Alors que je termine le énième visionnage du documentaire de ces deux femmes, mes yeux se posent sur l’attrape-rêves confectionné par Soleria accroché dans mon salon. En voyant la petite plume jaune fixée sur le réseau de fils tissés en forme de filet et accroché au cerceau en bois de saule, je pense aux paroles de Soleria. Sur les plumes tout glisse et retourne à la Terre. Ma pensée vagabonde, des plumes au livre Plume de Michaux, posé sur la table du salon, aux plumes pour écrire, à l’écriture. A l’écriture pour retrouver les lieux du voyage, pour revivre certains moments, retrouver des sensations, mieux comprendre. A l’écriture pour poursuivre le voyage.
Une dernière fois, me replonger dans ma boîte à carnets du voyage, tapissée de la carte du fleuve St Laurent, le fil conducteur du voyage. Feuilleter les carnets. M’arrêter un moment sur un portrait d’Élise Redfod, une pionnière de l’écologie, et sur les photos de son jardin. Penser aux ruelles de Montréal, ces petits bouts de nature en ville. Rechercher les photos, être surprise par la luxuriance de la végétation. Constater une fois encore que le Québec de 2014 était en avance sur la France de 2022.
Et si finalement, la philosophie amérindienne avait imprégné cette société métisse et s’y était diffusée subrepticement. Si elle avait servi la cause du respect de la Terre-Mère, de l’environnement et du vivant. A nouveau les paroles de Soleria me reviennent en mémoire. Le lien biologique à la terre reçu en héritage de leurs ancêtres est essentiel pour les Amérindiens. Leur relation à la Terre-Mère est constitutive de leur identité. A l’opposé de celle des Européens, utilitariste ; pour eux la terre est un bien à posséder et à exploiter.
Est-ce pour cette raison que le respect de l’environnement nous a paru mieux pris en compte au Québec ? Même si, comme nous l’a expliqué Thomas, tout n’est pas si simple, la surexploitation forestière est scandaleuse et n’a rien d’écologique. Mais dans cette société de sang mêlé l’idée de l’importance du lien à la Terre-Mère a sans doute circulé plus rapidement que dans nos pays européens. Je me souviens avoir lu qu’à leur arrivée certain.es Européen.nes ont apprécié et partagé la manière de vivre et la philosophie amérindienne.

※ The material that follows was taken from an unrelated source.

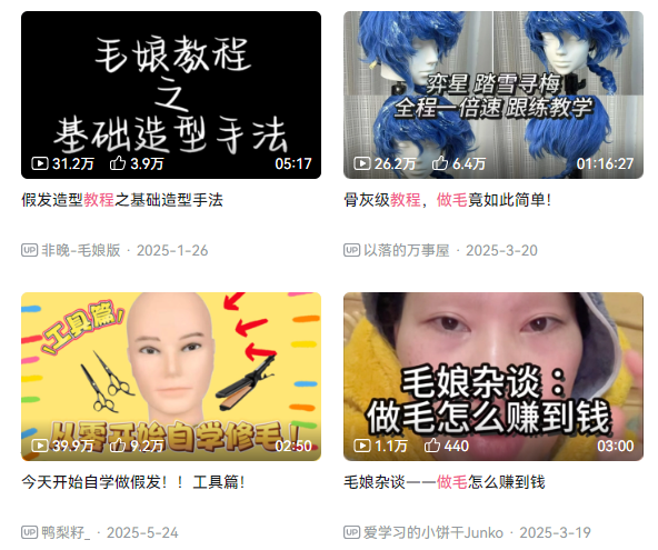 2023年最后一天,她上传了第一条假毛制作视频,正式开启了二次元毛娘之路。

Si vous nous écoutiez, vous pourriez résoudre tous vos problèmes disent les Amérindien.nes qui de plus en plus souvent participent aux instances internationales de luttes contre la crise climatique. Sont-ils entendus par les dirigeants ?
Pourtant habiter le monde, ne serait-ce pas vivre plus en harmonie avec la nature ? Écouter les voix amérindiennes, mais aussi celle des éléments. Celle du Saint-Laurent qui charrie des tonnes d’eau et modèle sur son passage des paysages grandioses. Qui hurle : j’en ai assez de vos pollutions, de vos oléoducs, laissez moi vivre ma vie de fleuve, moi qui existe depuis des millénaires, arrêtez de me polluer, de me bétonner, de couper les arbres sur mes rives. A quoi sert d’essayer de purifier mes eaux, alors que vous les avez polluées ? Quand vous me polluez, vous polluez toutes les eaux du monde.
Écouter aussi toutes ces voix de femmes qui traversent ce récit. Les Elsie Redford, Soleria, Carole, Thérèse, Constance, Joséphine Bacon, Kim O’Bomsawin, Marie Lacoste Gérin-Lajoie, Idola Saint-Jean, Thérèse Casgrain et Claire Kirkland-Casgrain, Marielle Macé. Certaines de ces femmes, à un moment de l’histoire, ont questionné et contribué à l’avancée des Droits des Femmes. D’autres nous ont tout simplement accueillies pendant notre voyage. Et être convaincue, comme l’écrit Fernando Pessoa, que : Les voyages ce sont les voyageurs eux-mêmes. Ce que nous voyons n’est pas fait de ce que nous voyons mais de ce que nous sommes.
Après ce voyage, son écriture, alors que je pensais tout oublier de mes engagements militants, mon sentiment de Citoyenne du monde s’est renforcé.